Kadın her şeyi yaşlı vezire anlattı. Vezir dinledi, gitti.
Ertesi sabah vezir geri döndü, elinde bir kürek ve bir çuval vardı.
Tam hükümdar bahçesindeki çalışmaları denetlemek için dolaştığı sırada o da dul kadının arazisini kazmaya, toprakları çuvala doldurmaya başladı.
Hükümdar yaşlı vezirin yaptığını gördü, bir anlam veremedi, uzaktan izlemeye koyuldu.
Yaşlı vezir çuvalı toprakla doldurduktan sonra kaldırıp sırtına vurmayı denedi. Olmadı, çuval çok ağırdı. Yaşlı vezir çuvalı tekrar yere indirdi, içinden toprak boşaltacağına biraz daha toprak ekledi ve tekrar sırtına vurmayı denedi.

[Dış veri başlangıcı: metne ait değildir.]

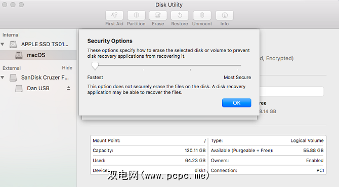 现在将注意力转移到窗口顶部,然后单击擦除按钮。操作系统将提示您擦除驱动器。
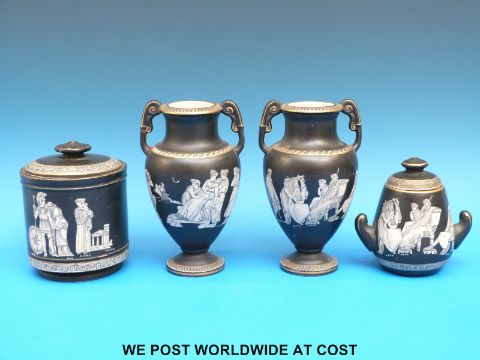 Four Prattware or Pratt of Fenton 'Old Greek' pattern vases, tobacco jar etc (tallest 16.5cm)
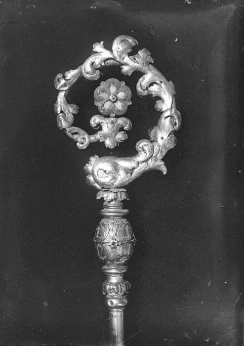 Riproduzione fotografica della parte alta di un pastorale con un riccio formato da foglie e un fiore centrale, posizionato su fondale scuro per la documentazione fotografica.
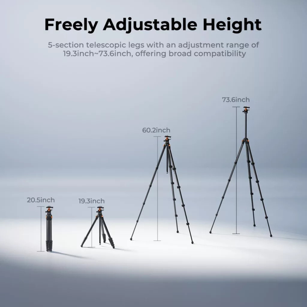 A K&F Concept 185 cm tripod kiváló megoldás mindazok számára, akik egy stabil, mégis könnyen hordozható állványt szeretnének. A nagy magasság és a széles kompatibilitás lehetővé teszi a kreatív felvételek készítését különböző helyzetekben, míg az egyszerű kezelhetőség kényelmes használatot biztosít mindennapokban és utazás során.
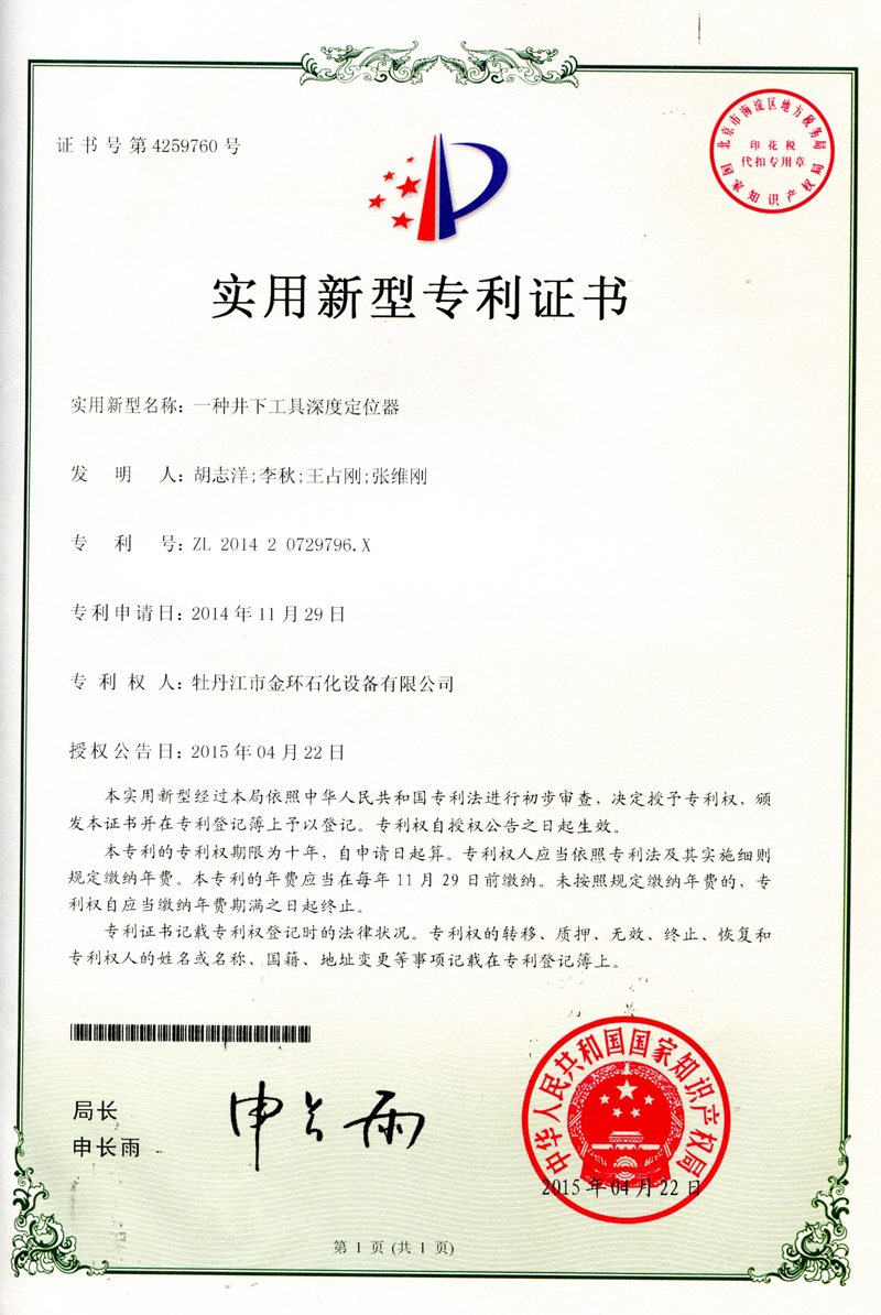 一種井下工具深度定位器實用新型專利證書ZL 2014 2 0729796.X

Tabii ki yine olmadı.
Tam tekrar çuvala toprak ekliyordu ki, hükümdar merakına yenildi ve yaşlı vezirin yanına gitti. Ne yaptığını sordu.

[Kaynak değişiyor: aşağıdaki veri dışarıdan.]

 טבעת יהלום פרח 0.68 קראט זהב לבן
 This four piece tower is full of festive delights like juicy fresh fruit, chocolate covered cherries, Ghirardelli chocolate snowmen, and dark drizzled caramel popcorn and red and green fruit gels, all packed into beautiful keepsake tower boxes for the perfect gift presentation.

"Hükümdarım" dedi yaşlı vezir, "Öbür tarafa giderken ne kadar toprak götürebileceğimi anlamaya çalışıyorum..."
Hikâyeye göre, hükümdar yaşlı vezirin ne demek istediğini anlamış ve bu olaydan sonra başkalarının arazilerine, mallarına el koymaktan vazgeçmiş.
GÜZEL SÖZLER
“İçimizde uyuklayan ve uyanmak için bir temas, bir ses, belki bir kelime bekleyen nice gerçekler vardır. Bunların yanında kafa ile öğrendiğimiz, hafıza yardİmİ ile saklamaya çalıştığımız bilgiler ne kadar sönük kalır.” / Andre Gide
“İçimizde saklı dururken gerçeğin sesini duymayız. Bir de dışarı fırlayıp ‘Dur’ demek için kolunu kaldırınca ne kadar da büyük olur, sesi ne kadar da gür çıkar!” / Garcia Lorca
“Kendi toprakla yetinip, yavrularına şerbet içiren ağaç, özveriye ne güzel, ne iyi bir örnektir.”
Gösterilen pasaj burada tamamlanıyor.